All,
I have posted several comments regarding resawing difficulties with my new Grizzly band saw. The symptoms included burning, cupping and extreme tracking problems.
At the Dallas-Fort Worth WW show several weeks ago I mentioned this to the Timberwolf rep and he gave me some advise I would like to pass on. After listened to my tales of woe and frustration, he asked if the metal blade insert was chewed up any and had the blade run off of the wheel during setup. I responded yes to both. He explained that either in the setup or while using the saw the kerf had been damaged on one side and that what was causing the problems. I bought a new 3/4 3tpi blade and some nylon inserts.

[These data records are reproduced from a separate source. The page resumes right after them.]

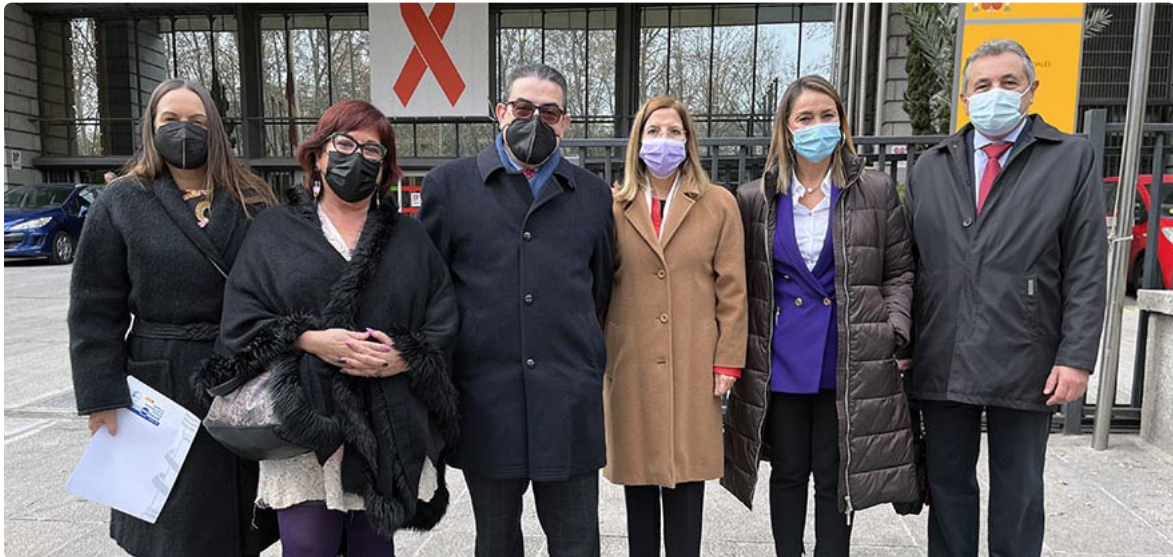
Representantes de la enfermería andaluza en el acto de clausura Nursing Now
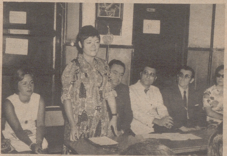
Formación humana, Hogar, Agricultura, trámites Administrativos y Actividades Culturales. Las explicaciones, claras, concretas, y concisas fueron asimiladas con gran aprovechamiento lográndose que más de 200 mujeres de la

Un profesorado competente estuvo al frente del Cursillo que comprendía numerosas materias: Religión, Aritmética, Decoración, Geografía, Historia,
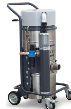
OPTION 2 : Cuve et chambre filtrante en INOX 304
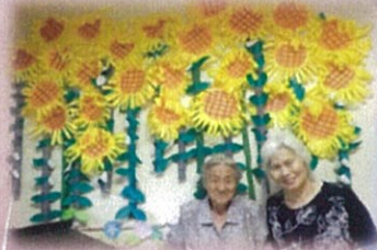
ひまわりが壁面に満開に咲きました♡
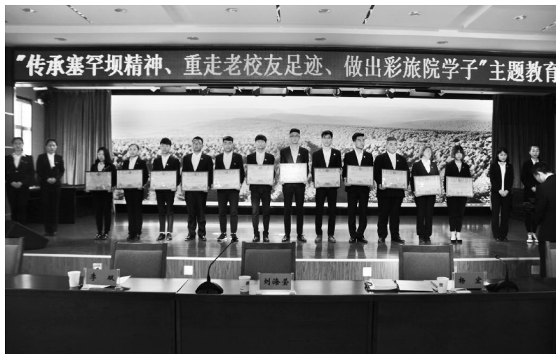
▲学院为弘扬塞罕坝精神“两红两优”活动先进代表颁奖
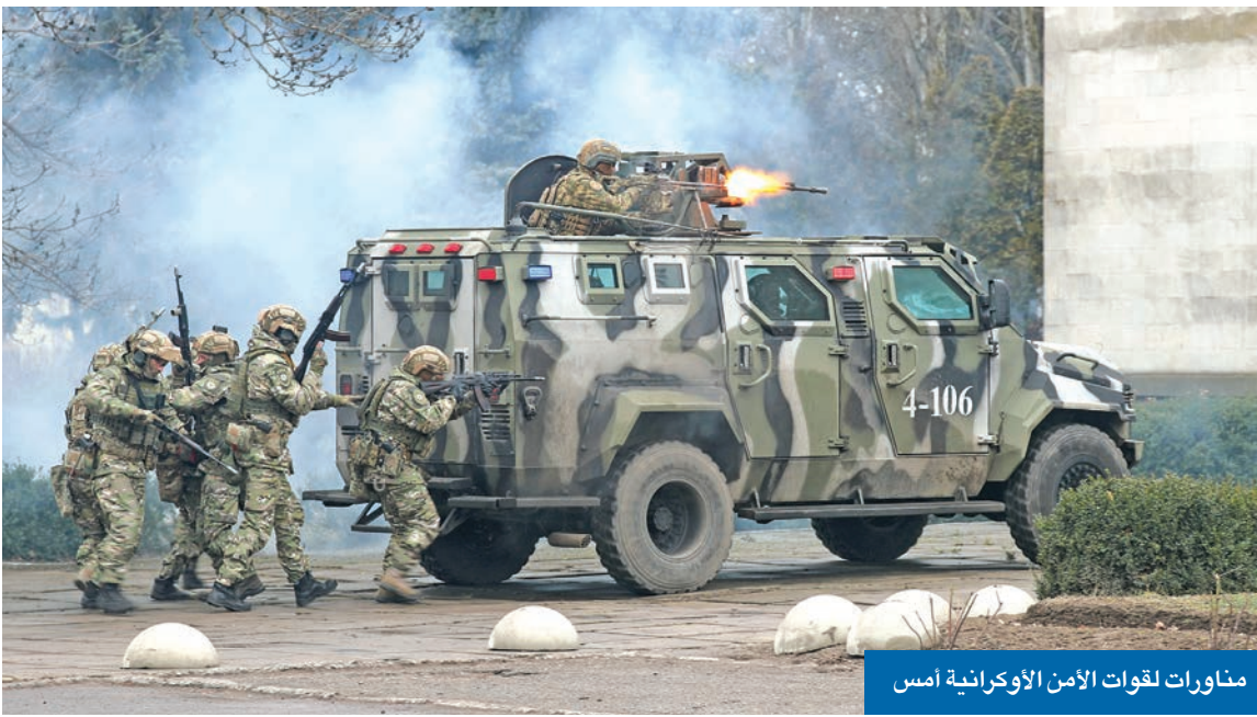
مناورات لقوات الأمن الأوكرانية أمس

توتر في «الدونباس» قد يولد مبرراً لها و3 سيناريوهات أمام بوتين قد تنتهي بتوغل محدود ● خطة أوكرانية للدفاع عن العاصمة وإجلاء سكانها... والكويت ودول العالم تدعو رعاياها للمغادرة ● بايدن أبلغ الأوروبيين تحديد بوتين 16 الجاري موعداً لشن الهجوم الروسي على كيف
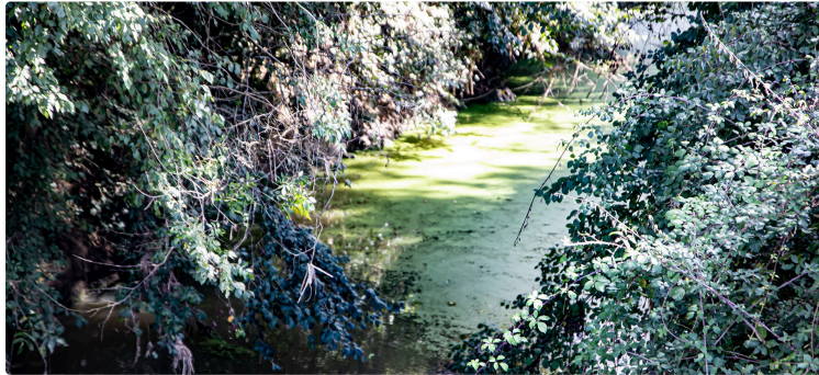
Les lentilles d'eau dans le Midour à Nogaro

Le débit pourrait être souvent trop faible l'été pour les chasser
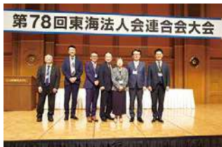
運営研究発表のメンバー
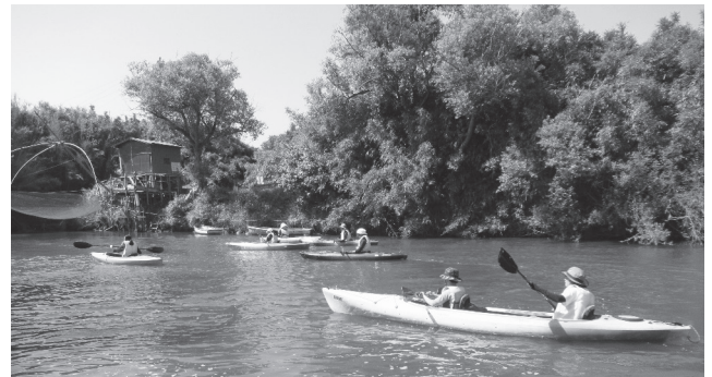
カヌーで桜川の川下り
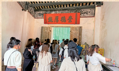
■行程第一站，師生們到「鄭家大屋」參觀，欣賞中西結合的建築特色及了解大宅主人鄭觀應的生平

史城區是中西文化多元共存的獨特體現，是中國城市中極具特色的文化組合。呂博士同時分享了現行的保護措施，以及在保育工作中所面臨的挑戰。
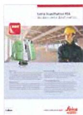
Leica ScanStation P16
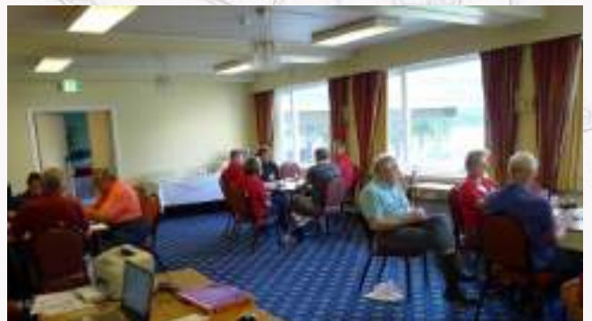
Tournoi de Bridge - 2018 - Voss (Norvège)
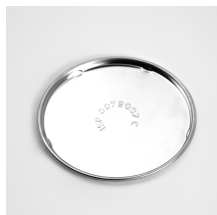
lever lock ring lid d180
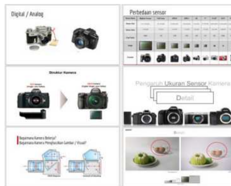
Gambar 2. Pengenalan dasar dan jenis Kamera

Pada tahapan ini pula peserta mencoba mempraktekkan dengan mengambil gambar atau memotret menggunakan kamera professional yang sudah disediakan seperti DSLR, Mirroless, Action Camera, dan Pocket Camera. Diikuti dengan mencoba memotret menggunakan smartphone, sehingga peserta akan paham mengenai perbedaan baik itu penggunaan, hasil gambar, dan juga fleksibilitas dari masing masing kamera. Serta mempelajari dasar pencahayaan dalam fotografi yang meliputi Triangle Exposure , Lighting , dan Moment .

I’m not sure I believed that this would help but this is my first band saw and I was reluctant to give up on it.
Last night I mount the new blade and insert, tuned-out the harmonic flutter and proceeded to shave off a 1/16 thick piece from a 9″ hard maple board. The cut tracked parallel to the resaw fence from start to finish. I planned on a simple quick test and was thrilled by the cut that I kept going: the dust was wonderful!

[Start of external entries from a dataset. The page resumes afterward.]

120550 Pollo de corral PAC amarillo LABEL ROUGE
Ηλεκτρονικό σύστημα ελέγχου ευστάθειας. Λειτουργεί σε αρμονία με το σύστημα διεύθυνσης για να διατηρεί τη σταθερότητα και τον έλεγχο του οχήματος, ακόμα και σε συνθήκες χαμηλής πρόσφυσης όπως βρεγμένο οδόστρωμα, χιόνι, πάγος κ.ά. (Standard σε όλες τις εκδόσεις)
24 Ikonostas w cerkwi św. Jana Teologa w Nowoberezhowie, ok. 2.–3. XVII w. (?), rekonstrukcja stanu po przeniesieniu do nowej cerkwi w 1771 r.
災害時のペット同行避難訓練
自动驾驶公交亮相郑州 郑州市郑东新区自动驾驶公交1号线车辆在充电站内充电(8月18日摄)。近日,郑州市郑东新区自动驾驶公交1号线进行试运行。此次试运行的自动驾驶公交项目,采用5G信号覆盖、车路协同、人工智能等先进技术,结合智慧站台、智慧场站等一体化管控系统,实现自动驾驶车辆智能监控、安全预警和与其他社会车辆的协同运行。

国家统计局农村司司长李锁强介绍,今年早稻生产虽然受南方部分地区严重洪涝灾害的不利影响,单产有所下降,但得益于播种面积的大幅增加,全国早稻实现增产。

I might add that the first time I tried this and my Timberwolf 3/4 blade acted up – turns out it really was my fault, they replaced it with a free 1/2″ blade: no questions asked. I think I ruined this one as well by improper mounting and adjusting.
I’m not sure how I could have done this differently since I thought I was doing everything “by the numbers” and according to the manual and a band saw book but somewhere I missed a simple little fact about treating the blade kerfs as extremely fragile until the blade is mounted and adjusted.
My thanks to the Timberwolf folks. They really believe in their products and woodworking.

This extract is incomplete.